Dyson (2009) indicated that on average there are 3.5 days per November with at least 1 station over Gauteng measuring rainfall greater than 50 mm in 24 h. In January months there are, on average, double the number of days with rainfall of more than 50 mm. There have been 135 days in November between 1977 and 2013 when rainfall exceeded 50 mm in a 24 h period at a station over Gauteng, and in 2001 there was a record number of 10 such days. The highest daily November rainfall over Gauteng at a station also occurred in this month, when 200 mm fell over the extreme southern parts of the province on 26 November. The average monthly November rainfall over the Highveld varies between 80 and 100 mm but increases to around 150 mm on the eastern escarpment.

The aim of this paper is to discuss the severe weather events of Nov16 over the Highveld of South Africa and to demonstrate the circulation anomalies during this month.



In this paper the Highveld is defined as the elevated area over eastern South Africa enclosed by the 1 350 m isohyet (Fig. 1) but confined to the North West, Gauteng and Mpumalanga provinces, as well as the extreme northern parts of the Free State.

The monthly synoptic maps were created with National Centers for Environmental Prediction (NCEP) reanalysis data (Kalnay et al., 1996) and the 6 pressure levels available from 850 to 300 hPa were used for the analysis. NCEP data have 4 time-steps available per day and the long-term average maps were constructed by using all of the time steps. The sounding-derived variables were produced by using data from the radiosonde ascents done over Gauteng at the SAWS Irene Weather Office (Fig. 2). The average values were calculated for November months from 1976 to 2014. The quality control processes as well as the rationale for the different sounding parameters are explained in detail by Dyson et al. (2015).



Daily total rainfall data and monthly means for stations over the Highveld, as well radar data from the Irene radar, were provided by SAWS. The Irene radar is an S-band radar (Becker, 2014) that measures reflectivity in decibels (dBZ), and the imagery used is taken from a plan view perspective using the 200 km volume data. The Irene radar was out of order on 9 November 2016 therefore the radar data will only be used in the case study discussion for 15 November 2016.

Satellite data were obtained from Eumetsat (2017a) and visualised through Software for the Utilization of Meteosat Outlook activities (SUMO). Single-channel imagery, such as the high-resolution visible (HRV) and infrared (IR) channel 10.8 µm were investigated including Red Green blue (RGB) combination imagery such as the Day Microphysical (DM), Severe Storms (SS) and Overshooting Tops (OT). The DM RGB comprises of channels 2:4r:9. The SS RGB comprises of channels 5-6:4-9:3-1, and can be used to determine whether a storm is growing rapidly. Bright yellow areas appearing at the cloud top within an orange area are a sign of an active and strong updraft with small ice particles (Eumetsat, 2017b). The OT RGB comprises of channels 5-9:8-9:5i and can be used to determine the presence of overshooting tops, which display as small, isolated, bright white areas appearing during thunderstorm formation (De Coning, 2014).
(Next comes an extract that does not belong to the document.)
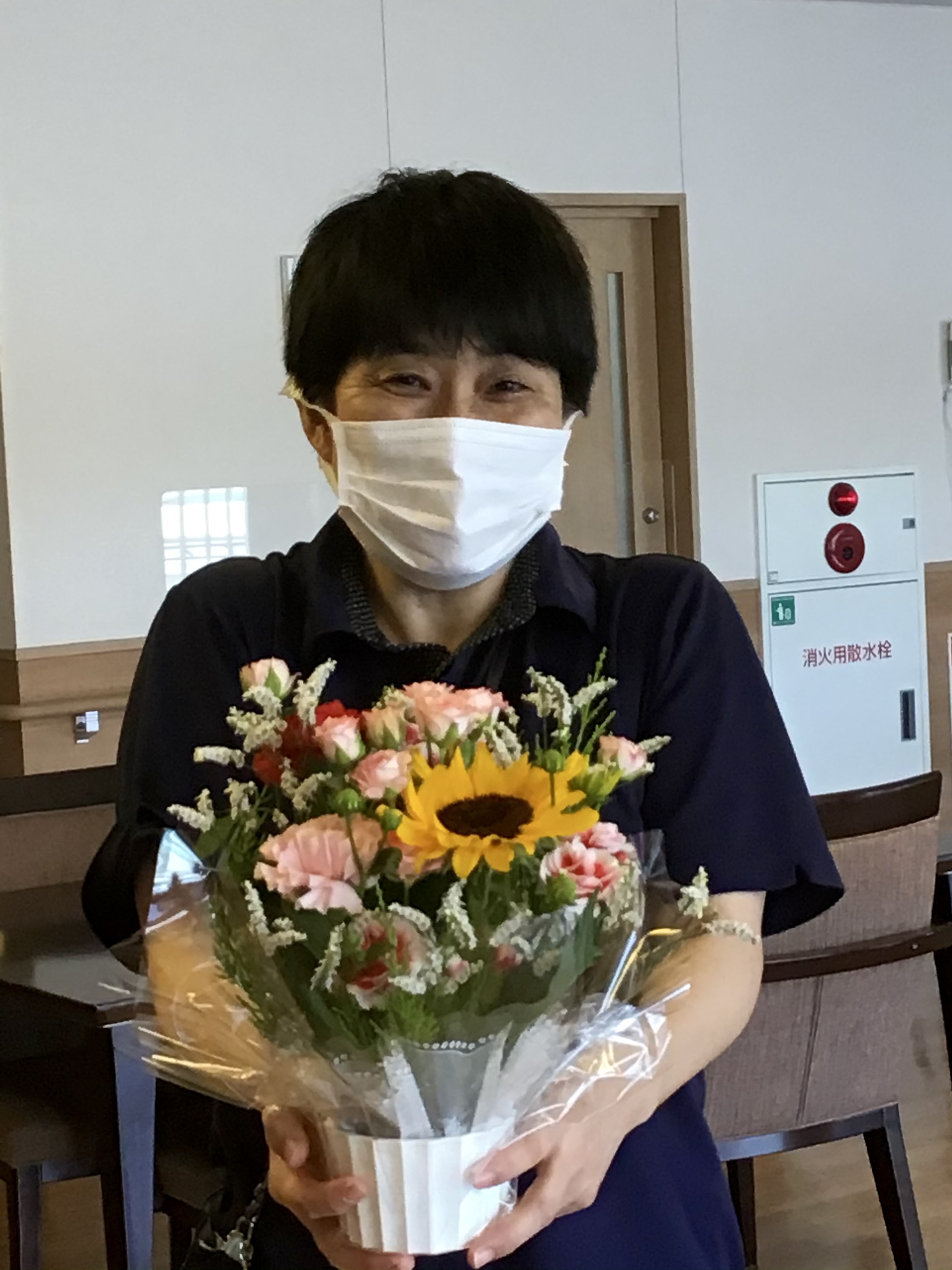 「元気に笑顔で精いっぱい頑張ります。利用者さまと楽しく過ごしたいと思います!」

Weather and rainfall during November 2016

Even though November months over the Highveld are known for severe weather, Nov16 had an anomalously high number of events (Table 2). Information about the events was obtained from SAWS Climate Summary publications, as well as social media sources, but was confirmed by investigating alternative data such as radar, satellite images and synoptic maps. Photo evidence gathered from social media outlets was also a contributing factor to including the event. Tornados were reported on 5 days and occurred over the elevated areas of the Witwatersrand and escarpment of Mpumalanga. Other hazards include strong winds, hail and heavy rainfall. The tornado at Grootvlei on 15 November will be discussed in detail later.
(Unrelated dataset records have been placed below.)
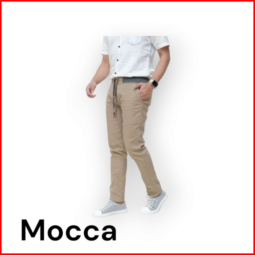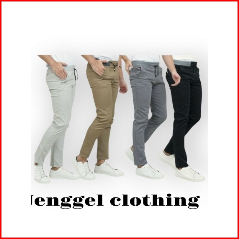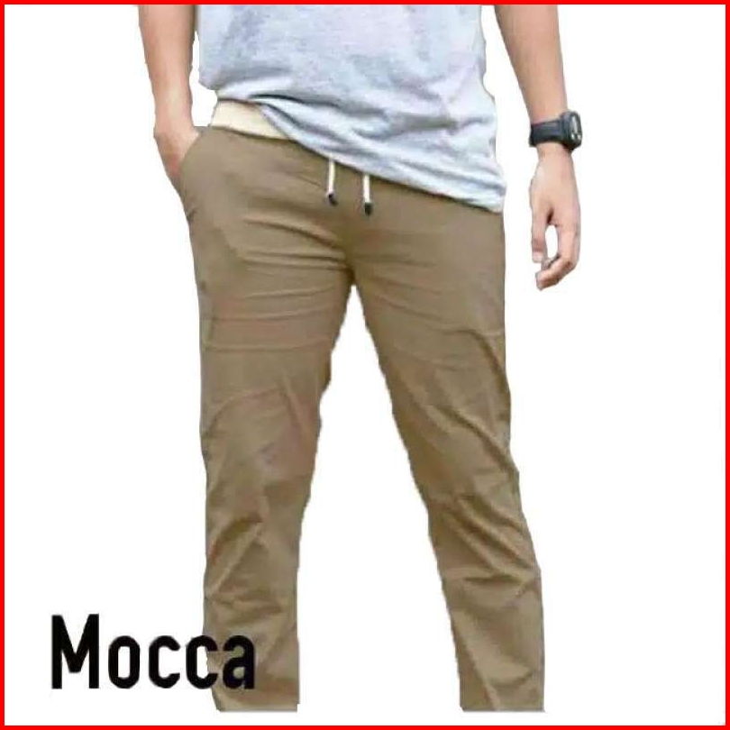 Celana Chinos Chino Panjang Karet Pinggang Rip Celana Chino Pria Panjang Rip
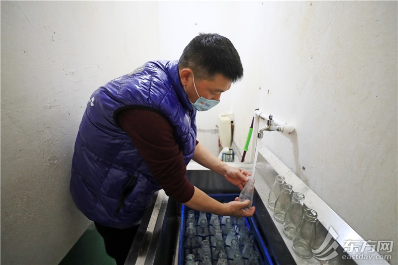 ▼柳魁初步冲洗回收来的空奶瓶,这些空奶瓶回收进厂后还会进行深度清洁消毒。
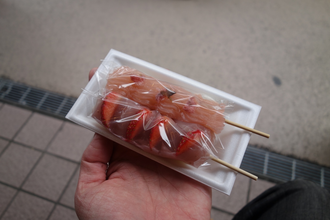 子供達はカットされた苺の乗ったいちご餡の団子を食べていました。
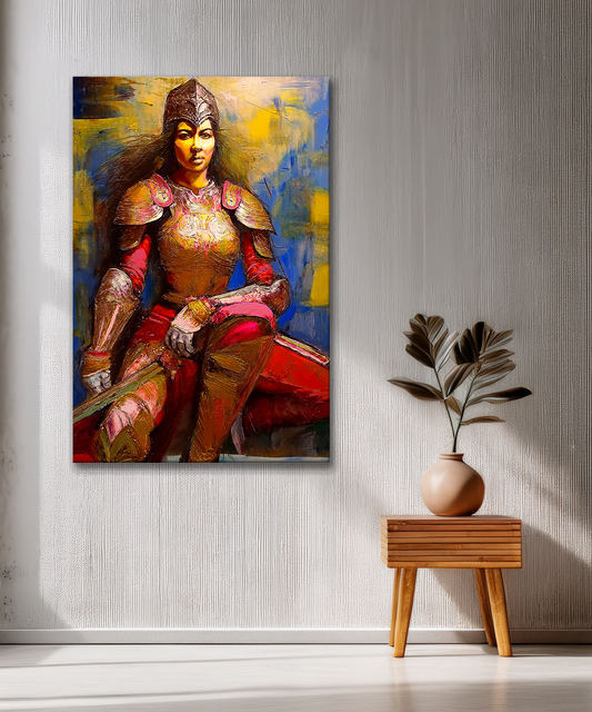 “Warrior’s Reverie” is a powerful canvas artwork that captures the strength and determination of a female knight in radiant red armor. The textured brushstrokes, luminous gold accents, and commanding pose create a timeless tribute to resilience, honor, and courage. Printed...
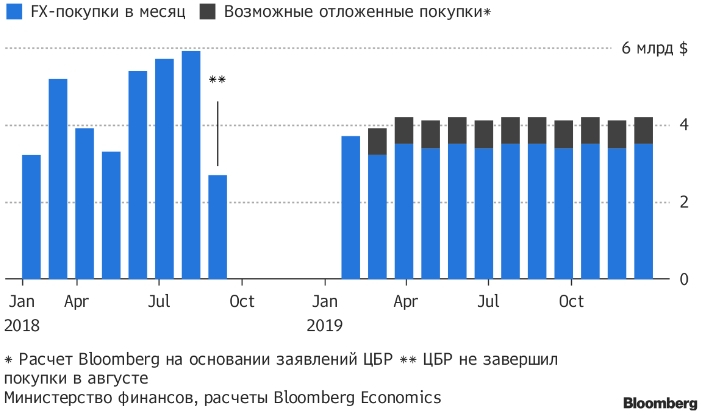 По подсчетам аналитика Bloomberg Economics Скотта Джонсона, из-за недавнего обвала цен на нефть ЦБР будет покупать валюты лишь на $201 млн рублей в день, что заметно ниже средних значений 2018 года. По прогнозу экспертов Ренессанс Капитала и Росбанка, курс доллара к рублю может в следующем году опуститься ниже отметки 65, которую за последние четыре месяца пара преодолевала лишь однажды.
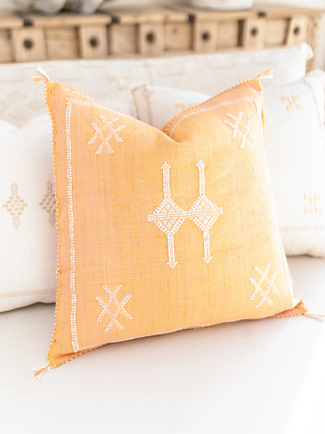 Each cactus silk cushion cover is slow made on a traditional wooden loom, then individually faded to perfection under the Moroccan sun, giving a gorgeous tonal detail and depth to every piece.

Table 3 shows some of the stations over the Highveld where more than 50 mm occurred in 24 h in Nov16. The highest rainfall totals were reported early in the month. At Vanwyksdrift on the 7th, the long-term monthly average rainfall for November (112 mm) was almost matched with the measurement of 110 mm within 24 h. The next closest occurrence of a daily event almost matching its long-term monthly average was at OR Tambo International Airport, which received 90 mm on the 9th. This was the third-highest rainfall reported at the airport since 1978 and is indicative of the severity of the event, as reports of extensive damage and loss of infrastructure, and the tragic loss of life of a young child dominated the news (News24, 2016). It is interesting to note the isolated nature of the heavy rainfall as only 8 mm was reported on the same day at the Johannesburg Botanical Garden, which is approximately 24 km west of OR Tambo International airport. This weather event will be discussed in more detail later. On the 25th, Ermelo Weather Office recorded 53 mm, with 43 mm recorded on the 27th. The monthly Nov16 rainfall at Ermelo was 259 mm which is close to 3 times the November average.

Synoptic circulation and sounding parameters during November 2016

Synoptic maps of Nov16 are compared to the long-term mean (1979-2014) November circulation. Considering the circulation patterns at 850 hPa, a trough over the western interior and a high over Mozambique are characteristically found during November (Fig. 3). During Nov16 the circulation does not vary much from the long-term mean but a closed low is present over the central interior and the high over Mozambique is 5-10 gpm stronger than the long-term November mean. This high also stretches further north into the southern parts of the Mozambique Channel resulting in slightly stronger moisture bearing north-easterly winds into the Highveld.

This north-easterly flow is also reflected in the sounding parameters (Table 4) where the average 800-600 hPa northerly component (negative values) of the meridional wind is stronger than normal. The sea surface temperatures in the central Mozambique Channel were close to 29°C in Nov16 and 0.5-1.5°C warmer than the long-term mean (NOAA, 2017). The blue contours in Fig. 3 show values for Total Static Energy (TSE), which is calculated using Eq. 1. TSE may be used to indicate the properties of an air mass (Dyson and van Heerden, 2002) and the higher values over the Highveld in Nov16 show that the combination of moisture, geopotential and temperature resulted in the airmass being more conducive for the development of thundershowers than the long-term mean would suggest.

where: L = latent heat of condensation, q = mixing ratio, g = gravitational constant, z = geopotential height, Cp= specific heat of dry air, T = temperature.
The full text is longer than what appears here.